Truth be told, I tend toward the restrictive side to immigration, but it’s not over concern about Hispanics.
I’m more concerned with potentially importing anti-Semitic Russian, Polish, Ukrainian, German, Latvian, Lithuanian, or Estonian skinheads than I am about someone from Latin America, and I’m not too concerned about them.
I’m not that concerned about the above either. When people come to America, they tend to leave a lot of that behind, which is a good thing.
I’m concerned about immigration being used to depress wages, and it is used that way with H1b and L-1 visas, and the repeated suggestions about slave labor guest workers, who would constitute a permanent underclass.
I also agree with Paul Krugman’s assessment that a large underclass creates a breeding ground for right wing politics.
That being said, there are clearly is both a right wing and a left wing position on expanded immigration (cheap labor and empatyh respectively) and on more restricted immigration (racism and wages respectively).

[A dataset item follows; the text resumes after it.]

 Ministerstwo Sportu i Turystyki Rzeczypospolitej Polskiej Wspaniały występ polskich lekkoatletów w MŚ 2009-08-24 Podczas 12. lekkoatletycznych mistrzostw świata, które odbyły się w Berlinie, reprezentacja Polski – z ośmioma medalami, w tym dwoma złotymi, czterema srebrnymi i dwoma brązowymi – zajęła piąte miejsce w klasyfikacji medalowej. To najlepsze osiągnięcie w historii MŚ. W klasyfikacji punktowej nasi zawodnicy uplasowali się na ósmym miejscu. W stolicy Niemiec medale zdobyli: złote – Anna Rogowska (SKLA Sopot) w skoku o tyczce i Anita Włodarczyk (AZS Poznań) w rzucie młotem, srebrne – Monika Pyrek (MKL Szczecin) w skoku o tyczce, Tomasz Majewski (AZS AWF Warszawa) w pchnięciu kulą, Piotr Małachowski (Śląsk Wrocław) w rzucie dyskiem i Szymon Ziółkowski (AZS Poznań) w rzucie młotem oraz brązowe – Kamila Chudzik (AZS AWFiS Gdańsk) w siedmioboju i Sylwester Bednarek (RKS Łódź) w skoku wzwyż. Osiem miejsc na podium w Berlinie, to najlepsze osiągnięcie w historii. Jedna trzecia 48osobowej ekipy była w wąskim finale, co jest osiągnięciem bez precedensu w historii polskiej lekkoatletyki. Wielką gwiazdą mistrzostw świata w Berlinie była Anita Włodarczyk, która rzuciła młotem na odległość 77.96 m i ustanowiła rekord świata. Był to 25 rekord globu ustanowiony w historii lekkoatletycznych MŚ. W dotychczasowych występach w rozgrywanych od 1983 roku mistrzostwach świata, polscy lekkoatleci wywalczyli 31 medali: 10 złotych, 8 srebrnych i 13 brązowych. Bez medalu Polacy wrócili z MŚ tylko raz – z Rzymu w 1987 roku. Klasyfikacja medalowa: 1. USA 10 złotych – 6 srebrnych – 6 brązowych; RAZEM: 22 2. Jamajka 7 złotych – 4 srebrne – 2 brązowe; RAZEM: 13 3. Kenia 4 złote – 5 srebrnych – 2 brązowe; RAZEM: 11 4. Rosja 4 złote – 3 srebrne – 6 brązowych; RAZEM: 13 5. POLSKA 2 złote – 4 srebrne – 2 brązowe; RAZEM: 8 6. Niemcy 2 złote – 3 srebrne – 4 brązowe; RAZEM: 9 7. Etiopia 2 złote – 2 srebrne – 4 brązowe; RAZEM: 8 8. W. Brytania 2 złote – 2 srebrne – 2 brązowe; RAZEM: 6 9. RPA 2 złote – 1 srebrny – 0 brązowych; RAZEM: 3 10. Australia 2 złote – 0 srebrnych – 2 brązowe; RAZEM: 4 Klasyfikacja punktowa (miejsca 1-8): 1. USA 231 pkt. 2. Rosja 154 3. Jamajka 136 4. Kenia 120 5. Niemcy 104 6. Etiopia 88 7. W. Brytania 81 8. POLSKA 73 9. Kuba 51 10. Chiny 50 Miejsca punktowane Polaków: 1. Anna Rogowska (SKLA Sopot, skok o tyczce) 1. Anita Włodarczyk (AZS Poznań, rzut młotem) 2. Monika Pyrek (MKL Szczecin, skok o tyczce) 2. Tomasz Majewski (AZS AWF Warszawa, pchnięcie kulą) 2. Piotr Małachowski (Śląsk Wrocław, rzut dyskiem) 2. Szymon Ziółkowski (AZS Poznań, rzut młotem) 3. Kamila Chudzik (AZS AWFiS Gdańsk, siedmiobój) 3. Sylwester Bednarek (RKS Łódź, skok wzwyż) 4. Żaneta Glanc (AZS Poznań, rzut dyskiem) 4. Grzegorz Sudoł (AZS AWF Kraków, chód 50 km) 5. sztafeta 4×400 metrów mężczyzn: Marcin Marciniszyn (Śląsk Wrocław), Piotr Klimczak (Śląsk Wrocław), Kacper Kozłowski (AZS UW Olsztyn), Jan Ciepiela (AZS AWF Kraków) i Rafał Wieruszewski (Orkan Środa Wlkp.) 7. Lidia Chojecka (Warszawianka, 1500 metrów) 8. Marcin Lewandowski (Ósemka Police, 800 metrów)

Personally, I favor a bounty program for illegals who rat out employers.
That being said, the Republican anti-immigration side is clearly racist, and it shows to the newly minted Americans.
Latino immigrants in South Florida who have traditionally registered with the GOP have felt alienated by the party, critics say.
By Peter Wallsten, Times Staff Writer
June 16, 2007MIAMI BEACH — As a Cuban who fled Fidel Castro’s communist rule for a new life in the U.S., Julio Izquierdo would seem a natural Republican voter — a sure bet to adopt the same political lineage that has long guided most of his countrymen who resettled in South Florida.
But moments after taking his oath this week to become a U.S. citizen and registering to vote, the grocery store employee said he felt no such allegiances.
“I don’t know whether Bush is a Democrat or a Republican, but whatever he is, I’m voting the other way,” Izquierdo, 20, said Thursday as he waited for a taxi after a mass naturalization ceremony at the Miami Beach Convention Center.
Izquierdo said he did not like President Bush’s handling of the Iraq war and was miffed at politicians, most of them Republican, who seem to dislike immigrants.
That sentiment, expressed by several of the 6,000 new citizens who took their oaths Thursday in group ceremonies that take place regularly in immigrant-heavy cities nationwide, underscored the troubled environment facing the GOP in the buildup to next year’s presidential election.
Surveys show that among Latino voters — a bloc Bush had hoped to woo into the Republican camp — negative views about the party are growing amid a bitter debate over immigration policy.